■ **Task directions**: Find the line containing "Dvije reklamne marke-vinjete" in the entries below. Restate it and each line after it, word for word, up to and including the line containing "Steamtown, Scranton to".

***** Exercise material *****

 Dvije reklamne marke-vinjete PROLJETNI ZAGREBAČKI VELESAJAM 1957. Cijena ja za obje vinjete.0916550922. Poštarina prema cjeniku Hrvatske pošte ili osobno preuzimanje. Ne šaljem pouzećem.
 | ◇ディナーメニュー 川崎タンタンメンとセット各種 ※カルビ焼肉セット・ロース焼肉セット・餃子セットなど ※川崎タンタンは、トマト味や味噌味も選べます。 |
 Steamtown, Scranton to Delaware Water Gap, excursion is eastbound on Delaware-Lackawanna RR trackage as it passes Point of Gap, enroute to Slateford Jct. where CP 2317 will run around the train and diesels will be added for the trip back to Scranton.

*****
***** Exercise material *****

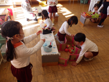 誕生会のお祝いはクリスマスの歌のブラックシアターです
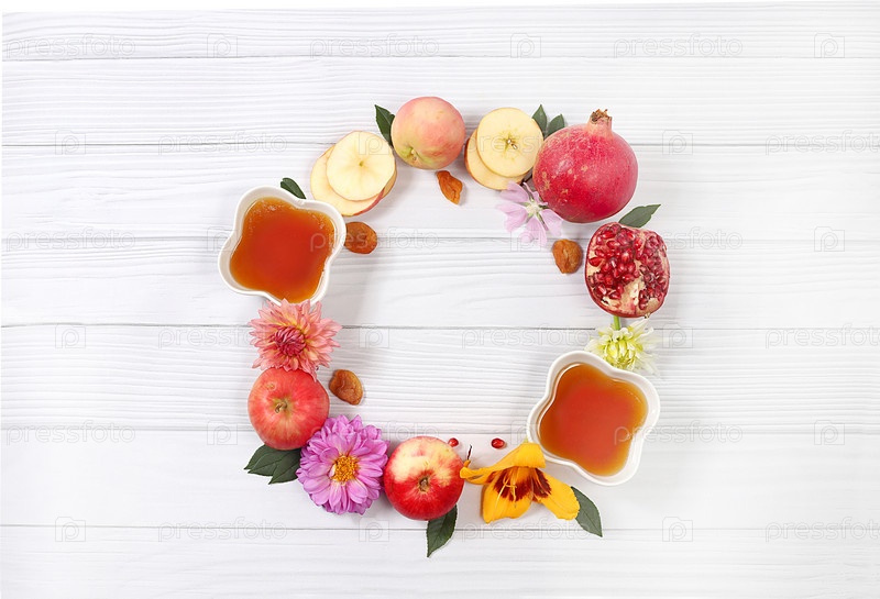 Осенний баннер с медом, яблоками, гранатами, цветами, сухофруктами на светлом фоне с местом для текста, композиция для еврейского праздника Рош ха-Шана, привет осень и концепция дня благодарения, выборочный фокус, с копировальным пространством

*****

■ **Answer for the task**:
 Dvije reklamne marke-vinjete PROLJETNI ZAGREBAČKI VELESAJAM 1957. Cijena ja za obje vinjete.0916550922. Poštarina prema cjeniku Hrvatske pošte ili osobno preuzimanje. Ne šaljem pouzećem.
 | ◇ディナーメニュー 川崎タンタンメンとセット各種 ※カルビ焼肉セット・ロース焼肉セット・餃子セットなど ※川崎タンタンは、トマト味や味噌味も選べます。 |
 Steamtown, Scranton to Delaware Water Gap, excursion is eastbound on Delaware-Lackawanna RR trackage as it passes Point of Gap, enroute to Slateford Jct. where CP 2317 will run around the train and diesels will be added for the trip back to Scranton.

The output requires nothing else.